If you can prove $x^4 \equiv 1 \pmod {10}$ that's enough as $x^{n+4}\equiv x^n\cdot x^4 \equiv x^n\cdot 1\equiv x^n\pmod {10}$

If you google Euler's theorem that will be true for all numbers relatively prime to $10$. Intuitively (but hand wavy) if $x$ and $10$ are relatively prime then $x^n$ will be relatively prime. There are only $4$ possible last digits that are relatively prime to $10$ so $x^k$ will cycle through the same four digits. (More or less.)

If $x$ is even or divisible by $5$. Well, if it's both then $x \equiv 0 \mod 10$ so $x^k \equiv 0 \pmod {10}$ and $x^{n+4} \equiv x^n \equiv 0\pmod {10}$. Likewise if it's odd but divisible by $5$ then $x^k \equiv 5 \pmod{10}$ and so $x^{n+4} \equiv x^n \equiv 5 \pmod {10}$.

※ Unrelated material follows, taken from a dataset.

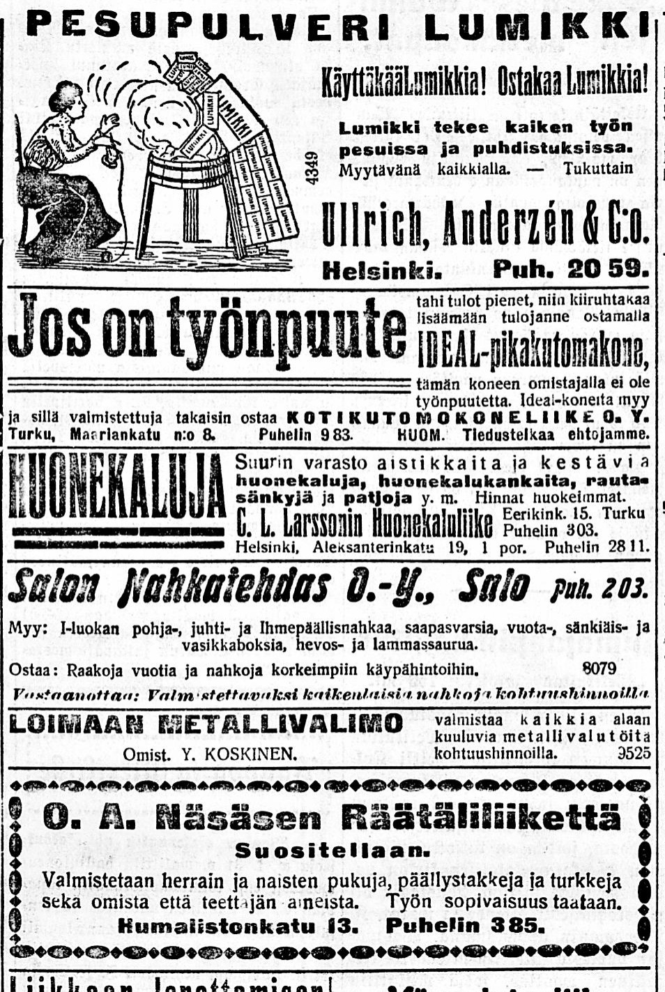 Lumikki pyykinpesuaine oli jo vuonna 1914.

Now if $x$ is even but not divisible by $5$ then. Well, $x^n$ is even and there are only $4$ even digits it could end with and it cycles through them.

More to the point $2*j \pmod 10 \equiv 2*(j \pmod 5)$ and there are only $4$ non-zero classes $\pmod 5$ so $x^k$ just cycles through those.

Answer 7

Because:

$x^{n+4} = x^{n-1}x^5$
$x^n = x^{n-1}x$
($ab\mod 10) = (a(b\mod 10) \mod 10)$

... you only have to prove that $(x^5 \mod 10)=(x\mod 10)$.

... which means: $((x \mod 10)^5\mod 10) = (x \mod 10)$.

Because there are only 10 possible values for $(x \mod 10)$ these 10 values can be calculated directly:

• $0^5\mod 10=0 \mod 10=0$
• $1^5\mod 10=1 \mod 10=1$
• $2^5\mod 10=32 \mod 10=2$
• $3^5\mod 10=243 \mod 10=3$
  ...
• $9^5\mod 10=59049 \mod 10=9$

Answer 8

Hint $$ x^{n} \left( x^4 - 1 \right) \equiv x^{n} \left( x^2 - 1 \right) \left( x^2 + 1 \right)\equiv \left( x - 1 \right) x \left(x+1\right) x^{n-1} \left( x^2 + 1 \right) \pmod{2}\\ x^{n} \left( x^4 - 1 \right) \equiv x^{n} \left( x^2 - 1 \right) \left( x^2 + 1 \right)\equiv x^{n} \left( x^2 - 1 \right) \left( x^2 -4 \right)\pmod{5}\\ \equiv x^{n-1} \left( x- 2 \right) \left( x- 1 \right) x\left( x+2 \right) \left( x+ 2 \right) \pmod 5 $$

Now use the fact that one of $x-1$ or $x$ is even, and that among 5 consecutive integers one is a multiple of 5.